Imagine we have features a
, b
, and c
in ledger that make their way into the script context. there are all kinds of properties P(a, b, c)
that might hold for Plutus VX scripts. Imagine now adding feature d
to the ledger. even if d
is not used anywhere in some Plutus VX script, P(a, b, c)
could fail in the presence of d
in the ledger if we do not go out of our way to preserve it.
If we promise to maintain all the current observable facts, then we are promising: "for any idea d
that we every come up with in the future, and any property P(a, b, c)
of the current ledger, P(a, b, c)
will still hold with the introduction of d
. (I should probably use some notation like a(d)
or something that makes a
now depend on d
or something...).
Of course I'm happy to make promises about all the P
s that I can think of (assuming they are not too ridiculous), but promises about the ones I've yet to think of are worrisome.
On the one hand, I can hear:
yeesh, Jared, you are making this way more complicated than it needs to be, it's just a simple translation.
But on the other hand, it sounds like exactly the kind of thing that usually bites us.
And I think what you are proposing is something like a "reference implementation" of the script context creation, so that all the P
s become implicit (reducing the infinite to the finite). But even then I worry that this could be too much of a simplification of the real story, and that tendrils of the provenance will find their way all the way back to the wire...
I think we should get together and figure out what we can and can't promise for the script context. Here are some examples of P
s where weird things happen:
-
We want to remove pointer addresses by turning them into enterprise addresses, but we still have to support them because some script might rely on them. But now we've changed semantics: Let's say a script allows minting some tokens once per epoch proportional to the amount of Ada delegated to some pool. If a pointer is allowed here, this change has now changed the semantics: you'll get the tokens, but the pool owner doesn't get your stake.
-
Let's say we didn't need to keep track of registered reward accounts anymore, and we decide to get rid of the certificates. Well, now some script contexts can't be constructed anymore, so maybe we can't do that and still have to be able to make them, but just as dummies. But now there are some Plutus scripts that might have more steps that they could take, since they can track parts the state of this registry internally. So, if we want to preserve the semantics, we have to keep the current system in place forever.

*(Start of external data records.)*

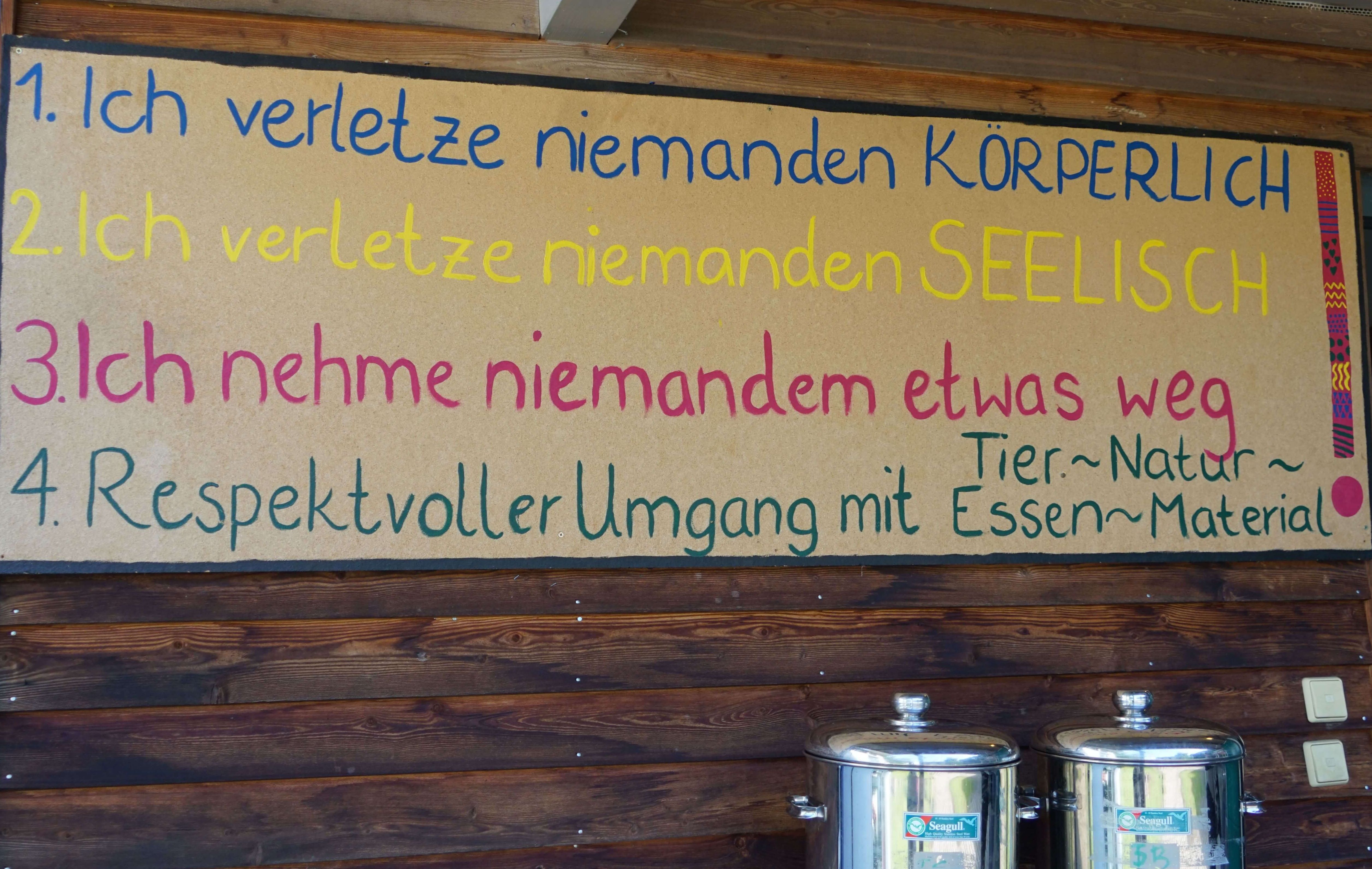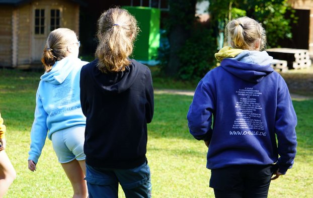 Einige Kinder wischen gerade die Bierbänke vor den großen Zelten ab, auf denen noch die Frühstücksmarmelade klebt. Andere rennen bereits mit einem Ball über die Wiese oder hängen am Kletterfelsen. Eine Gruppe größerer Kinder, alle mit Helmen auf dem Kopf, stellt sich mit den Fahrrädern auf. Für sie steht ein Ausflug ins Freibad auf dem Programm.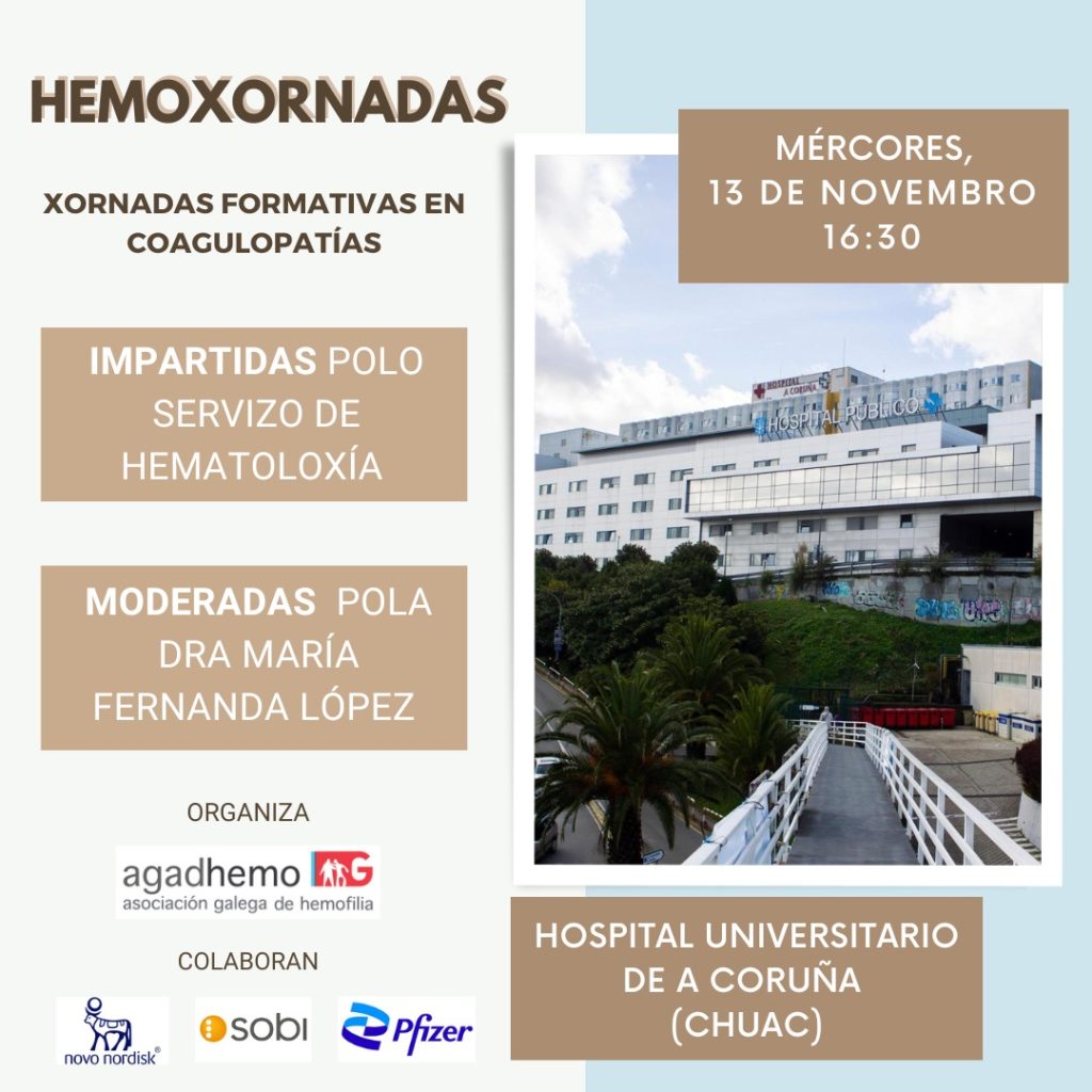 Desde Agadhemo convocamos una nueva jornada del proyecto " HemoXornadas Jornadas Formativas para personas con hemofilia u otra coagulopatías congénitas" con el objetivo de formar e informar sobre tratamientos, cuidados y la atención especializada.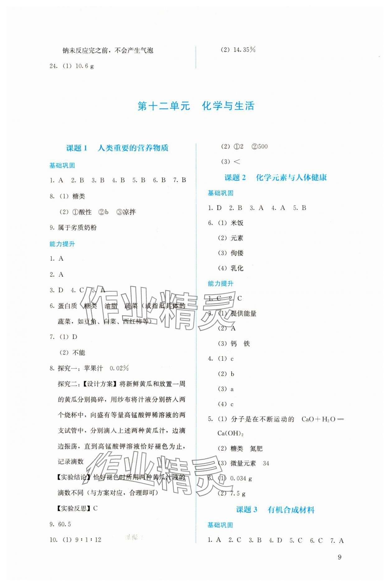 注:目前有些书本章节名称可能整理的还不是很完善,但都是按照顺序排列的,请同学们按照顺序仔细查找。练习册 2024年人教金学典同步解析与测评九年级化学下册人教版 答案主要是用来给同学们做完题方便对答案用的,请勿直接抄袭。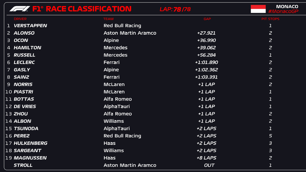 维斯塔潘杆位发车,并在几圈后就迅速拉开差距。作为全年平均速度最低的一站比赛,摩纳哥站街道赛的特点让超车变得更加困难,多名车手在尝试超车时发生碰撞。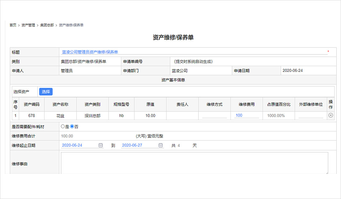 可在線發(fā)起設備、用品領用申請,經資產管理員審批后可領用;自動更新資產卡片、庫存信息。支持各類設備、資產按保修計劃進行維修,可在線發(fā)起維修流程,確保問題高效處理,確保設備可用。推動對資產處置的多方嚴格審批,實現報廢資產的規(guī)范化處理,確保資產處置所得收益入賬。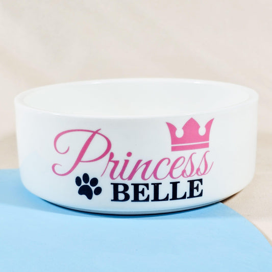 Personalised Pet Bowl - "Princess Name" with Crown Design - Custom Dog Bowl - Cat Food Bowl - Customised Pet Dish - Crown Pet Accessory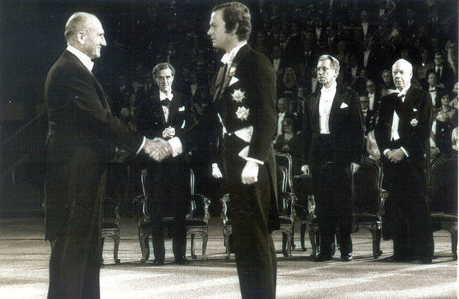 Nobelove nagrade se u pravilu tradicionalno dodjeljuju na dan smrti Alfreda Nobela 10. prosinca, pa je tako 10. prosinca 1975. u Stockholmu uručena Nobelova nagrada za kemiju za istraživanja u području organskih prirodnih spojeva i stereokemije prof. dr. sc. Vladimiru Prelogu. Stereokemija izučava prostorni raspored atoma i kemijskih veza u molekulama, tj. prostornu građu molekula.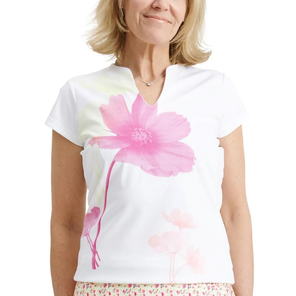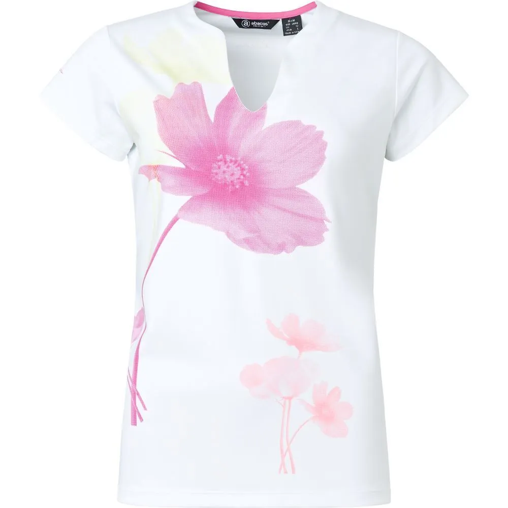 Abacus Ladies Rachel Cupsleeve Golf Polo Shirt Rachel is made of a very stretchy, lightweight fabric that also has drycool and wicking effects. Decorative flower print at front. V-neck opening. Abacus logo at the centerback below the neck.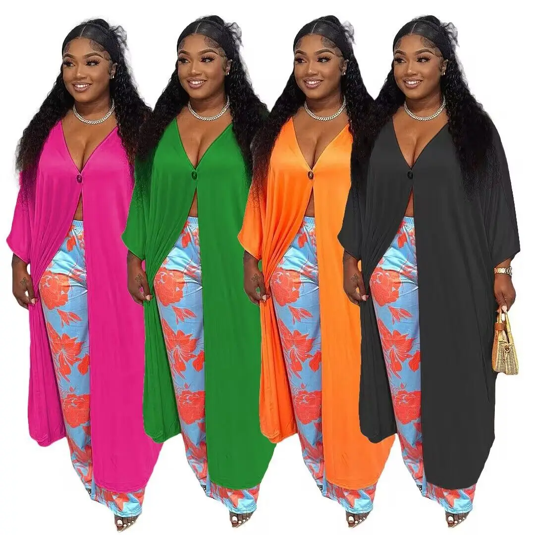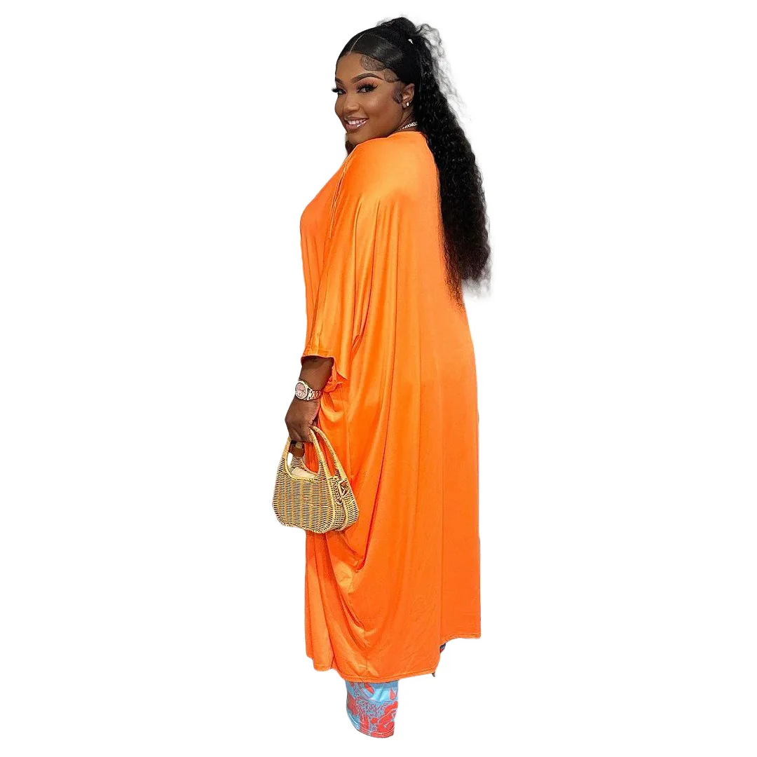 African Dresses for Women Fashion African V-neck 3/4 Sleeve Black Green Orange Long Shirt Maxi Dress African Clothes Women
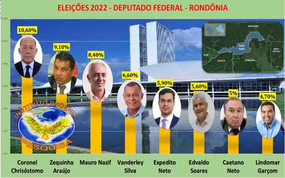 O deputado federal Coronel Chrisóstomo (PSL/RO) é o líder isolado das intenções de voto para os pré-candidatos à Câmara Federal, entre eleitores de Porto Velho, segundo pesquisa divulgada hoje (29.10) pelo Instituto Phoenix.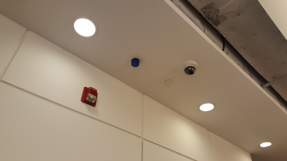 2. 我在AUTODESK公司每层的办公区域内,发现如下图所示的一个蓝色灯装置,原来,这是与前台相联的一个报警灯,若前台遇警,则会按动报警,蓝灯闪烁,让每个办公人员都知晓有紧急情况发生。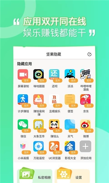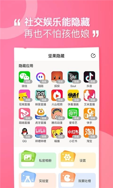 坚果隐藏是深圳市前海快付数据服务有限公司开发的系统安全工具,用户通过它能把手机里的应用隐藏起来,妥善守护个人隐私。不少时候我们都希望手机里的某些应用只有自己能访问,不管是照片还是视频这类内容,既想正常使用应用,又要精准保护隐私,这里有超多伪装界面可供选用,切换不同界面使用也是个很不错的体验。它整合了应用隐藏、文件加密、云存储等功能,用多种方式助力用户保护私密信息,让使用更安心;公司重要文件、个人隐私照片、私密视频资料等都能存进来,还能按资料类型分类,方便用户快速找到需要的文件;另外还配备了手机应用隐藏模块,让手机里的应用只有自己知晓,最大程度保障了用户隐私。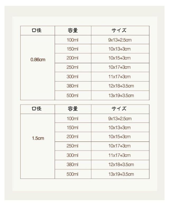 | サイズ | 口径0.86cm*100ml 口径0.86cm*150ml 口径0.86cm*200ml 口径0.86cm*250ml 口径0.86cm*300ml 口径0.86cm*380ml 口径0.86cm*500ml 口径1.5cm*100ml 口径1.5cm*150ml 口径1.5cm*200ml 口径1.5cm*250ml 口径1.5cm*300ml 口径1.5cm*380ml 口径1.5cm*500ml |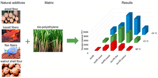 - Bazan, P.; Nosal, P.; Kozub, B.; Kuciel, S. Biobased Polyethylene Hybrid Composites with Natural Fiber: Mechanical, Thermal Properties, and Micromechanics. Materials 2020, 13, 2967. [Google Scholar] [CrossRef]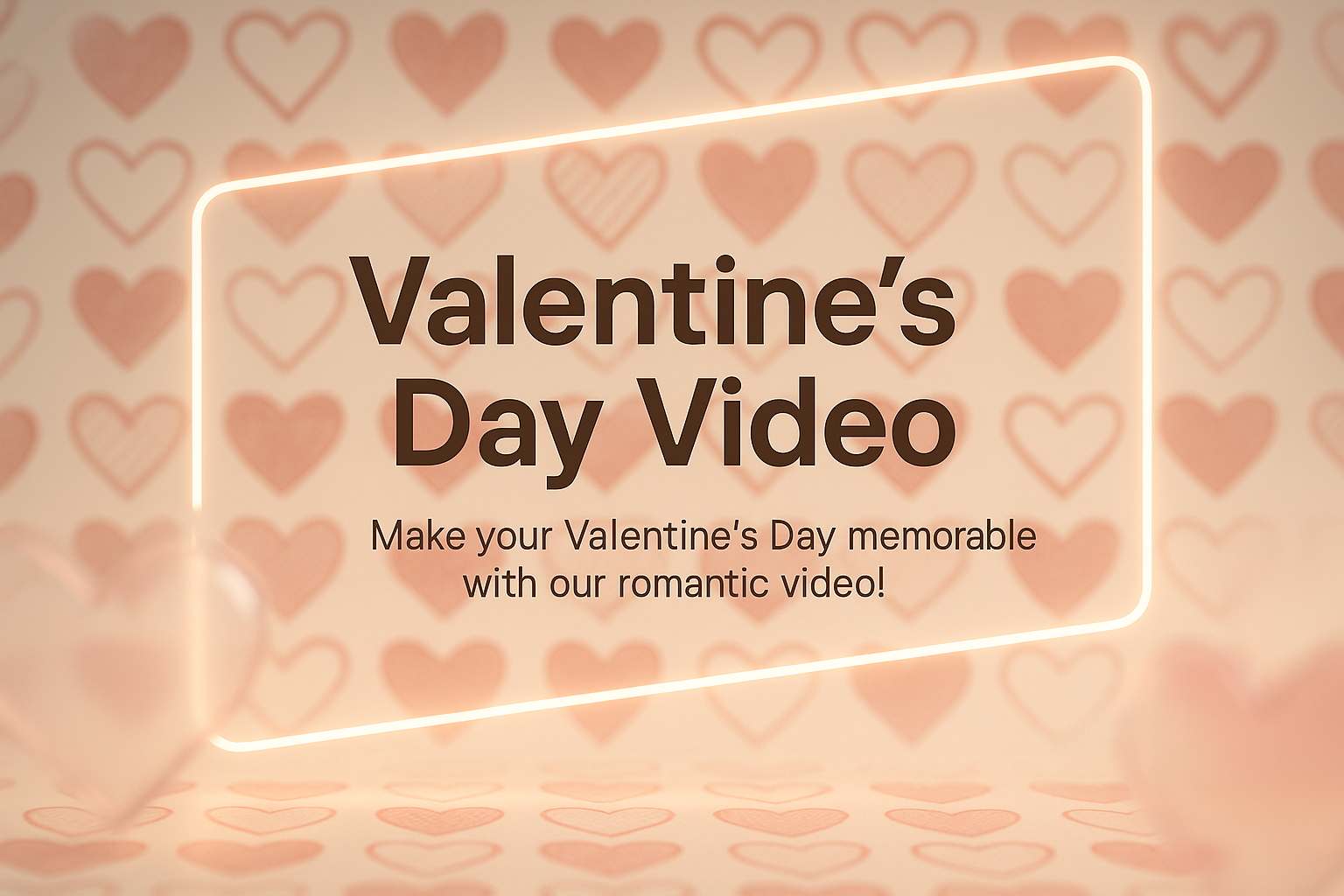 Inviting promotional graphic for a Valentine's Day video featuring soft heart motifs and warm lighting, perfect for couples looking to celebrate love.

I think the introduction of new features might be less problematic (we can always disallow old Plutus versions in scripts with new features), but I think that if we wanted to make the strongest possible promise here large parts of the ledger would be completely unchangeable forever.
Ah, I think I see. Let me make it concrete: let's talk about the sorting order of the inputs. Suppose that they are initially in using ordering O1, and we want to make a change to O2.
I think:
- We cannot say "haha, the ordering is unspecified, we're just going to change it silently and break literally everything"
- We can say "we're going to change the ordering at a particular point using our usual mechanism for backwards compatibility"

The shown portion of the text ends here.